*** Begin section ***

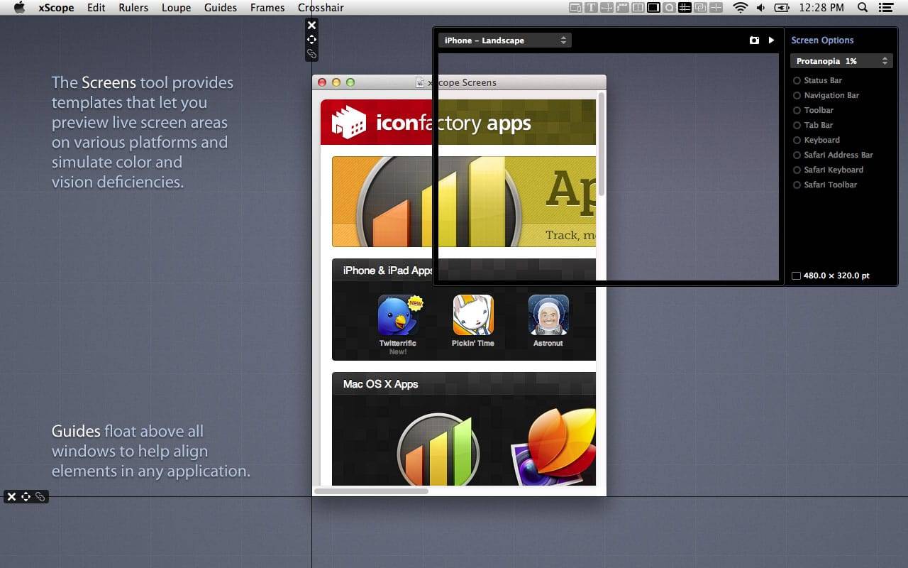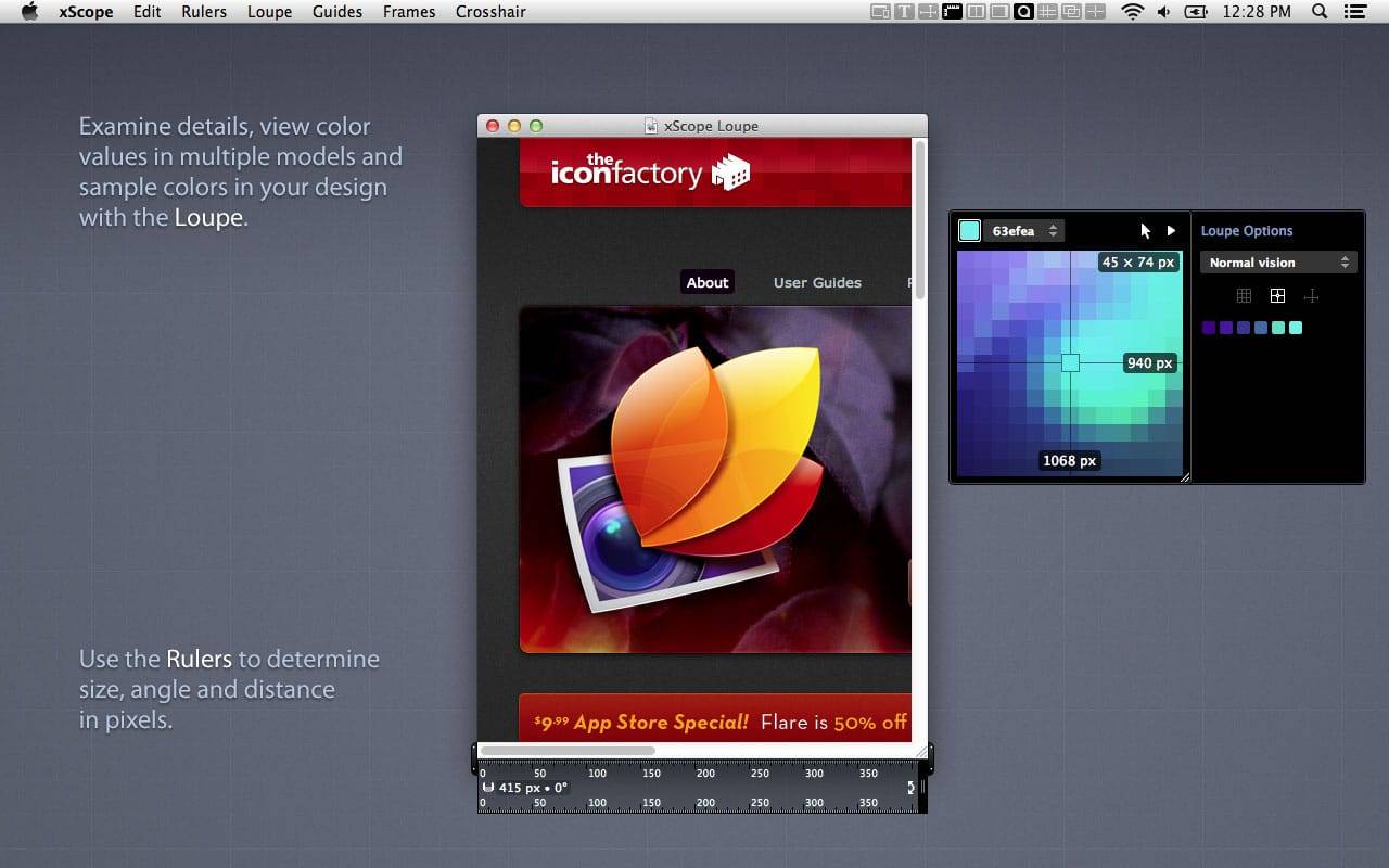 xScope是一组功能强大的工具,非常适合测量,检查和测试屏幕上的图形和布局。它的工具浮在桌面窗口的上方,可以通过工具栏,菜单栏和/或热键进行访问。
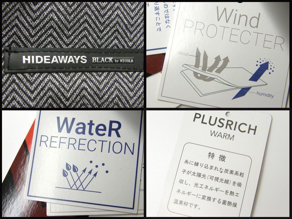 HIDEAWAYS BLACK by NICOLE × PLUSRICH WARM ハイダウェイブラックバイニコル 撥水 防風 透湿 蓄熱保温 ダウンジャケット 取り外し フード付き 大きいサイズ | 秋冬 雨の日 雪の日
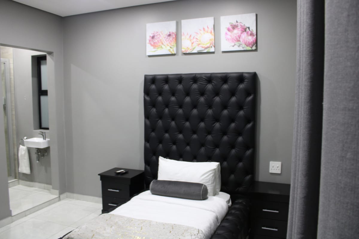 Uživajte u glamuru ovog elegantnog, luksuznog utočišta. Moderan luksuzni apartman sa tuš kabinom, ormarom i WC-om u prahu. Samo 15 minuta vožnje od aerodroma O R Tambo možete da se nađete na ivici Labudovog jezera. Možete podići noge i uživati u mirnom okruženju na jezeru. Posmatranje ptica je obavezno, pauna i patke koje plivaju pored vas. Mesto gde možete da se oslobodite gradskog stresa. Ali dovoljno blizu da i dalje budete razdvojeni od gužve.

*** End section ***

▶ YOUR TASK: Return exactly the lines that begin with the one containing "HIDEAWAYS BLACK by" and end with the final line of the data above; include no pictures.

▶ TASK RESPONSE:
 HIDEAWAYS BLACK by NICOLE × PLUSRICH WARM ハイダウェイブラックバイニコル 撥水 防風 透湿 蓄熱保温 ダウンジャケット 取り外し フード付き 大きいサイズ | 秋冬 雨の日 雪の日
 Uživajte u glamuru ovog elegantnog, luksuznog utočišta. Moderan luksuzni apartman sa tuš kabinom, ormarom i WC-om u prahu. Samo 15 minuta vožnje od aerodroma O R Tambo možete da se nađete na ivici Labudovog jezera. Možete podići noge i uživati u mirnom okruženju na jezeru. Posmatranje ptica je obavezno, pauna i patke koje plivaju pored vas. Mesto gde možete da se oslobodite gradskog stresa. Ali dovoljno blizu da i dalje budete razdvojeni od gužve.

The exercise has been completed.